I'm not suggesting a stop to medications, as they actually will keep you living longer with the condition than if you didn't take them. I am just saying that at least they aren't helping to achieve remission and at most, they are enabling its progression. Remember you are living longer with the condition. Not without it. After all, the body doesn't care what your "average blood glucose" is. It only cares about the 190 mg/dL after meals and the 60 mg/dL while fasting. That's all it sees.

So, keep this in mind and continue with an anti-diabetic lifestyle as these medications are only going to take you so far. You have been able to keep your HbA1C in check due to your diet as it would be much higher if you just lived life like you weren't a diabetic, which is what the American Diabetes Association (ADA) pushes for. That's really the most dangerous message that the ADA puts out, by the way. You can never live life like you aren't diabetic. Ever. At least, I wouldn't recommend it as that would be certain death.

6. Diet is more important than exercise.

I like to emphasize that both diet and exercise work in conjunction to achieve the best outcome but if I absolutely had to make a hard line choice, between one or the other, I would pick exercise.

Many people are surprised by this, especially the obese since they love to focus on anything that doesn't make them have to move an inch, so diet is always their main target. But the results are clear and have been proven over and over again - exercise is the most metabolically protective thing that you can follow even in lieu of diet.

This has been seen time and time again in metabolic studies. Diabetics have been able to improve their metabolic markers and even get off medications, through exercise alone, without an iota of diet change. Athletes also prove this daily. You can be an athlete with a piss poor diet and still remain protected from obesity and metabolic dysfunction for most of your life span. That's how protective and far reaching the effects of exercise are. Humans can adapt to just about any diet, but they cannot adapt to being sedentary.

This can even be seen in aging. Someone who was an athlete when young, has better outcomes as they age. You can tell, just by looking at them, that they were mostly active throughout their life. These people can delay their diabetes until they are age 80 rather than age 50. This is seen in overweight/obesity as well. Athletes may eventually succumb to diabetes in their older years, but they sure do never succumb to overweight/obesity. Exercise wards off body fat and keeps it off.
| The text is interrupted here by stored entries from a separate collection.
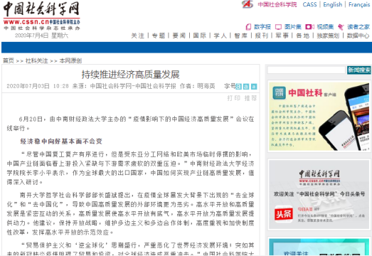 6月20日,由中南财经政法大学主办、乐鱼官方端网站登录入口和高质量发展研究中心联合承办的“疫情影响下的中国经济高质量发展”线上主题论坛受到中国社会科学报头版头条的报道。报道截图及链接如下: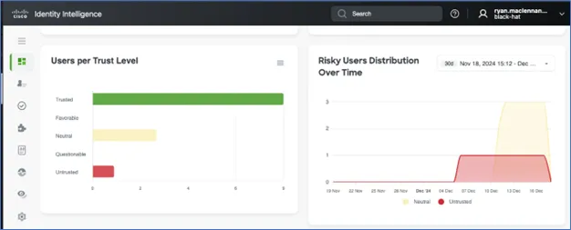 Cisco Identity intelligence (CII) is an AI-powered solution that bridges the gap between authentication and access. It allows us to bring in multiple authentication source logs into a single entity and then analyze them to determine if a user is trustworthy. CII will give a user a trust score based on geographic location, login times, Operating System (OS), device types, number of login attempts, correct and incorrect logins, device trust and many more criterion. CII takes all these indicators into account and then makes trust levels for each user. You can see our trust score spread in the below screenshot: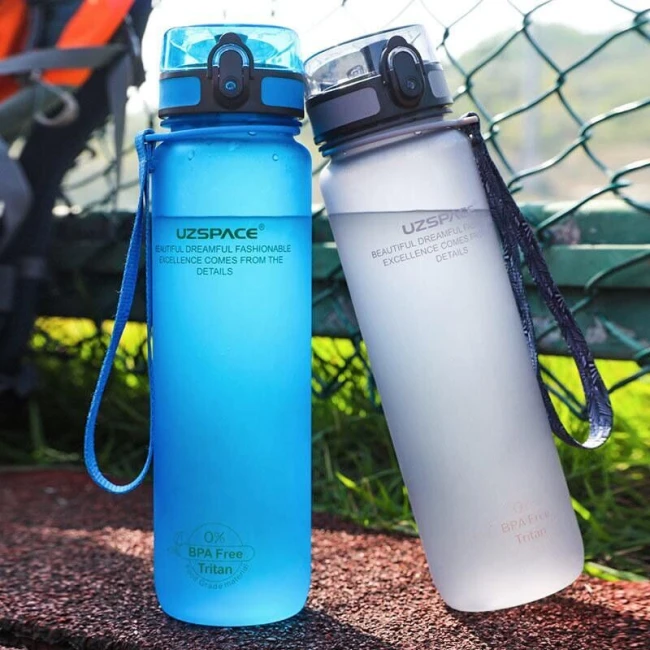 Пляшка для води та спортивного харчування найвищої якості, хочемо відзначити що соска за допомогою якої можна пити з пляшки воду закривається від попадання пилу, бруду та мікробів. Пляшка для води UZspace виробляють у різних, дуже гарних кольорах: сірий, салатовий, блакитний та рожевий. Також можна вибрати об'єм на будь-який смак: 350 мл, 500, 650 і 1000 мл = 1 літр. Залежно від обсягу пляшки бувають у витягнутій формі або у вигляді барильця.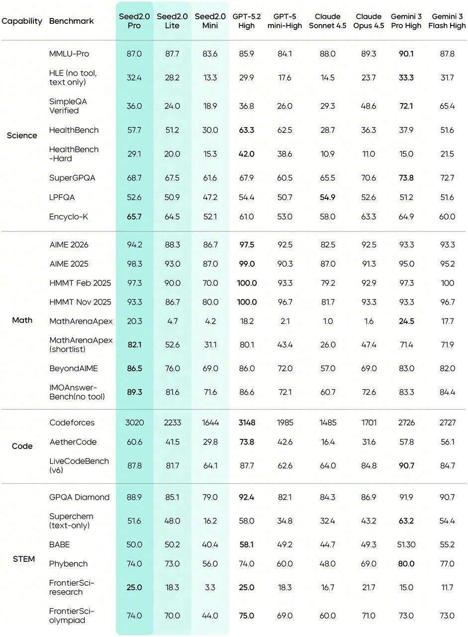 Seed2.0 first addresses this challenge by systematically strengthening knowledge in long-tail domains. Seed2.0 Pro has scored higher than GPT-5.2 on SuperGPQA. Its overall performance in the scientific field is on par with Gemini 3 Pro and GPT-5.2.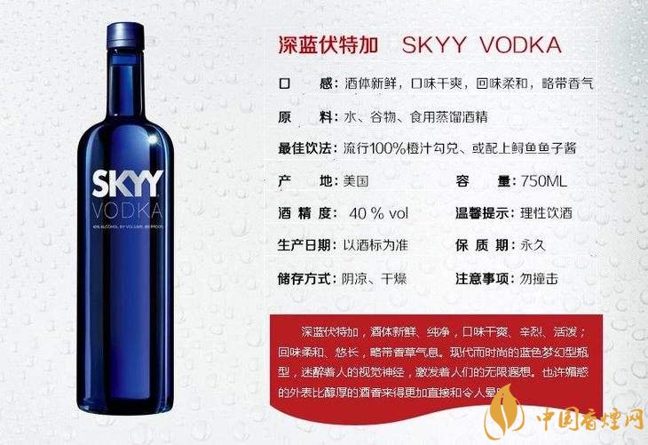 Skyy深藍伏特加的價格:45.00元/瓶;

Why would this be important if they still succumb to metabolic dysfunction? Because it is much easier to achieve remission of diabetes if you are not overweight/obese.

Of course, eventually, your metabolism will cave under the strain of a bad diet, whether you exercise or not. Athletes have also proven this often as their health deteriorates with age, but you can certainly delay these outcomes significantly through exercise and if they do occur, you can reverse them easier. The same can't be said with a bad diet without exercise. That causes metabolism to rapidly fail.

So as far as metabolism is concerned - exercise is king as it addresses both insulin and leptin.